▸ **Record extracts**

══════════════════════════════

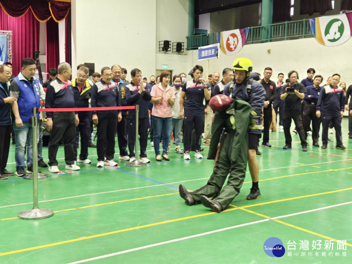 59名義消選手齊聚一堂,分別參加火災搶救、救護技術、車禍救援、無人機運用及繩索救援等5大項目,展現新北義消的團結與活力。中國探針、南亞塑膠等企業義消的加入,不僅擴展民間力量,更提升整體防救災的韌性與應變能力
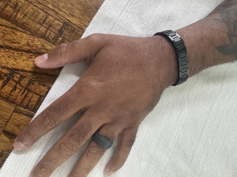 High quality men’s bracelet. Fit perfectly right out of the box for an average sized wrist. If you have a bigger than average wrist, it may be too small. Very comfortable. Looks nice with a suit but can also be worn with casual attire for a more polished look. Definitely recommend!
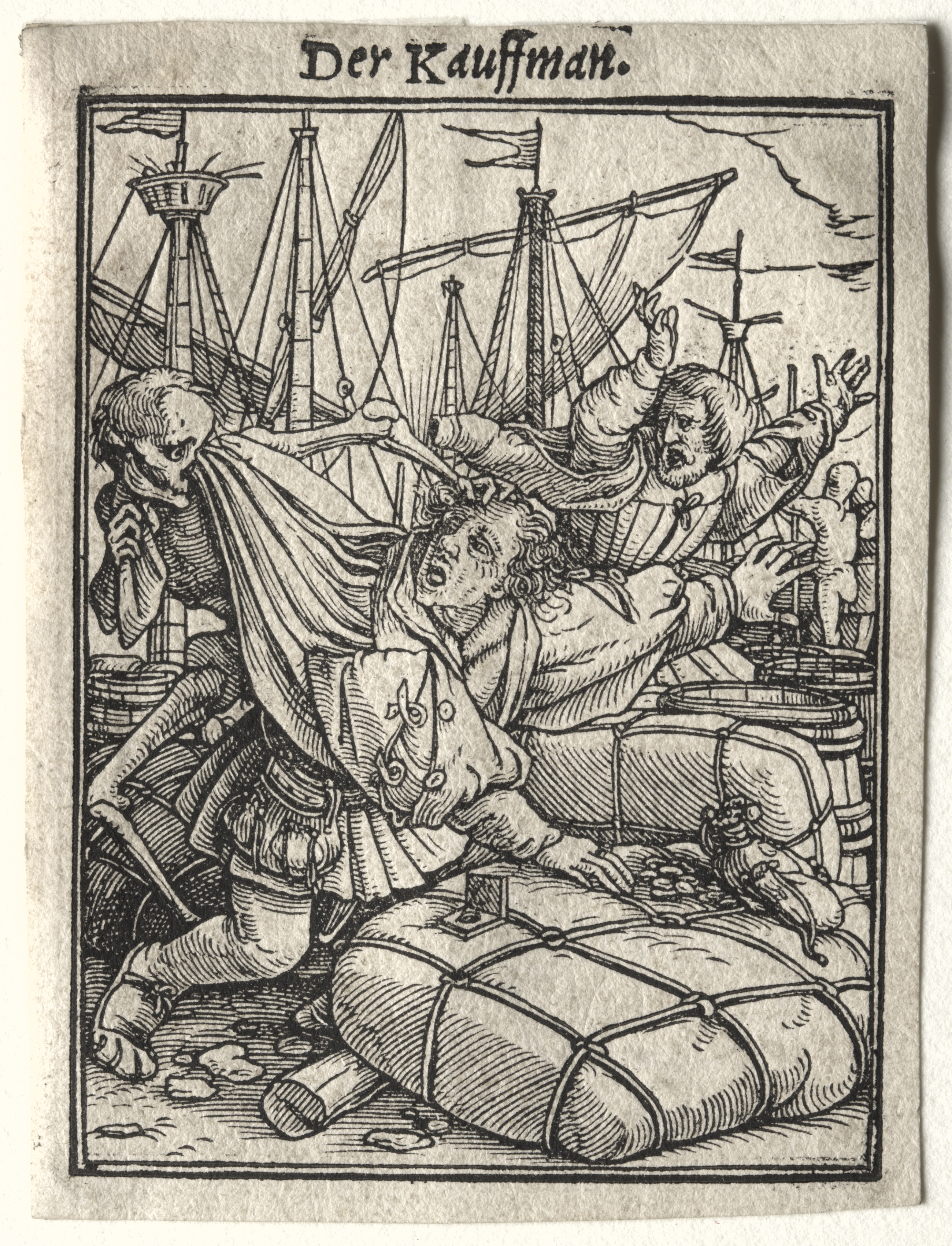 Black and white woodcut image of a merchant being grabbed from behind by Death. The merchant has curly hair, wears a long-sleeved shirt and vest or doublet with buttons; he sits on a pile of barrels or bundles. Death wears a long-sleeved shirt. In the background are ships with multiple masts. The title "Der Kauffman" is written in black text at the top.
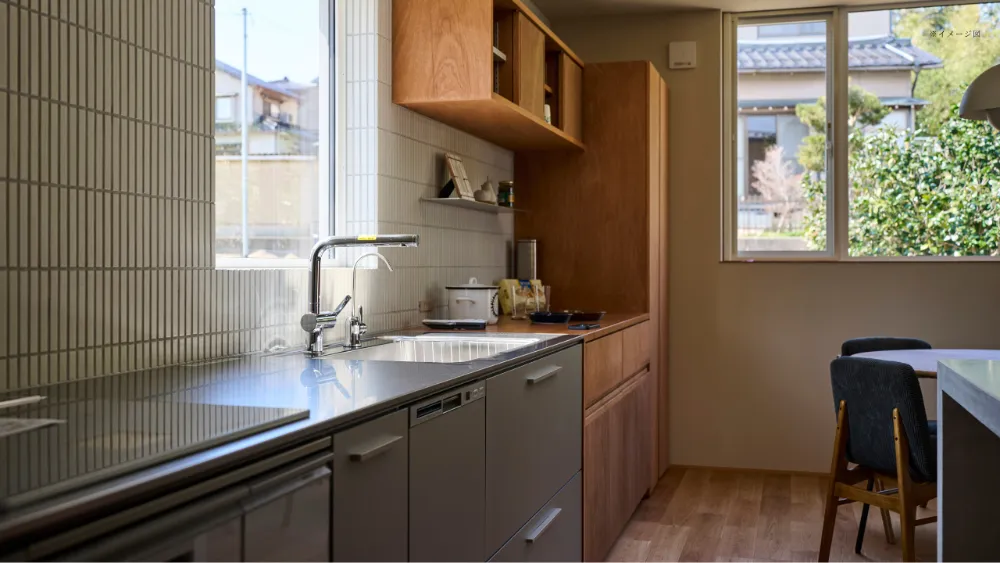 料理が捗るセパレート型の「2型キッチン」と、洗濯革命を起こす「乾太くん」を搭載。回遊動線との組み合わせで、日々の負担を最小限に抑えます。
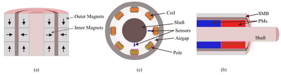 Structures of bearings: (a) a permanent-magnet bearing [68], (b) an active magnetic bearing [69], (c) a superconducting magnetic bearing [70].
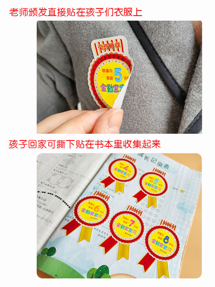 📚 幼儿园全勤宝宝奖状升班荣誉勋章贴纸定制迷你小奖章奖励贴纸胸章大表扬贴徽章胸贴学生小红花奖牌贴纸订制
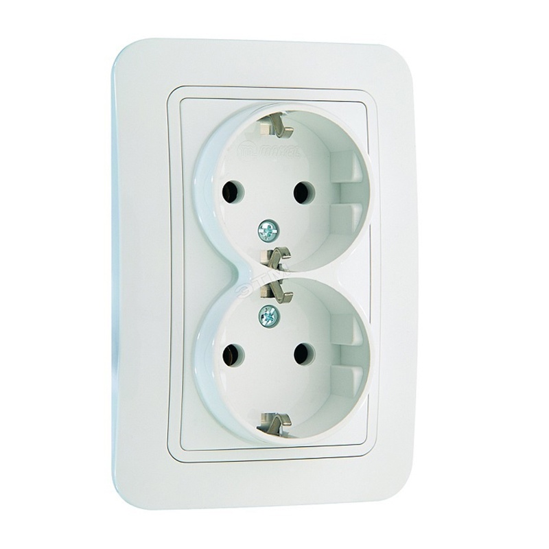 Розетка с/у Mimoza 12082, 2 гнезда, c/з, белая
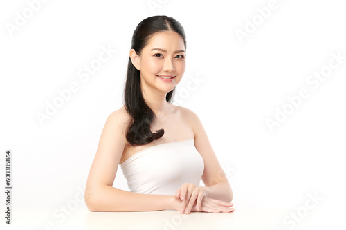 Beautiful young asian woman with clean fresh skin on white background, Face care, Facial treatment, Cosmetology, beauty and spa, Asian women portrait.
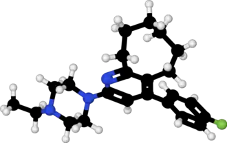 - ^ a b Suzuki K, Hiyama Y, Une T, Fujiwara I (November 2002). "Crystal structure of an antipsychotic agent, 2-(4-ethyl-1-piperazinyl)-4-(4-fluorophenyl)-5,6,7,8,9,10-hexahydrocycloocta[b]pyridine (blonanserin)". Analytical Sciences. 18 (11): 1289–1290. doi:10.2116/analsci.18.1289. PMID 12458724.
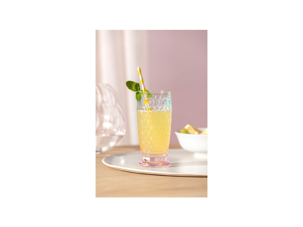 Očarujúci fazetový dizajn a robustné vysokokvalitné krištáľové farebné sklo robia z kolekcie Boston Pearl atraktívneho spoločníka na každý deň. Farebné dúhovoružové sklo sa trblieta v štyroch rozdielnych odtieňoch, čím sa stane ideálnym spoločníkom pre každý typ stolovania. Servírujte chladenú minerálnu vodu, čerstvo odšťavenú pomarančovú šťavu alebo osviežujúci nápoj s nábojom. Uhaste smäd štýlovo.
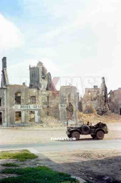 Dodge WC-57 Command Car. Church Ruins St. Lo Normandy. 166th Signal Photographic Company June 1944

══════════════════════════════

▸ **Problem details**
What you give back should be the full material above, retyped exactly, with every image removed.

▸ **Reply**
 59名義消選手齊聚一堂,分別參加火災搶救、救護技術、車禍救援、無人機運用及繩索救援等5大項目,展現新北義消的團結與活力。中國探針、南亞塑膠等企業義消的加入,不僅擴展民間力量,更提升整體防救災的韌性與應變能力
 High quality men’s bracelet. Fit perfectly right out of the box for an average sized wrist. If you have a bigger than average wrist, it may be too small. Very comfortable. Looks nice with a suit but can also be worn with casual attire for a more polished look. Definitely recommend!
 Black and white woodcut image of a merchant being grabbed from behind by Death. The merchant has curly hair, wears a long-sleeved shirt and vest or doublet with buttons; he sits on a pile of barrels or bundles. Death wears a long-sleeved shirt. In the background are ships with multiple masts. The title "Der Kauffman" is written in black text at the top.
 料理が捗るセパレート型の「2型キッチン」と、洗濯革命を起こす「乾太くん」を搭載。回遊動線との組み合わせで、日々の負担を最小限に抑えます。
 Structures of bearings: (a) a permanent-magnet bearing [68], (b) an active magnetic bearing [69], (c) a superconducting magnetic bearing [70].
 📚 幼儿园全勤宝宝奖状升班荣誉勋章贴纸定制迷你小奖章奖励贴纸胸章大表扬贴徽章胸贴学生小红花奖牌贴纸订制
 Розетка с/у Mimoza 12082, 2 гнезда, c/з, белая
 Beautiful young asian woman with clean fresh skin on white background, Face care, Facial treatment, Cosmetology, beauty and spa, Asian women portrait.
 - ^ a b Suzuki K, Hiyama Y, Une T, Fujiwara I (November 2002). "Crystal structure of an antipsychotic agent, 2-(4-ethyl-1-piperazinyl)-4-(4-fluorophenyl)-5,6,7,8,9,10-hexahydrocycloocta[b]pyridine (blonanserin)". Analytical Sciences. 18 (11): 1289–1290. doi:10.2116/analsci.18.1289. PMID 12458724.
 Očarujúci fazetový dizajn a robustné vysokokvalitné krištáľové farebné sklo robia z kolekcie Boston Pearl atraktívneho spoločníka na každý deň. Farebné dúhovoružové sklo sa trblieta v štyroch rozdielnych odtieňoch, čím sa stane ideálnym spoločníkom pre každý typ stolovania. Servírujte chladenú minerálnu vodu, čerstvo odšťavenú pomarančovú šťavu alebo osviežujúci nápoj s nábojom. Uhaste smäd štýlovo.
 Dodge WC-57 Command Car. Church Ruins St. Lo Normandy. 166th Signal Photographic Company June 1944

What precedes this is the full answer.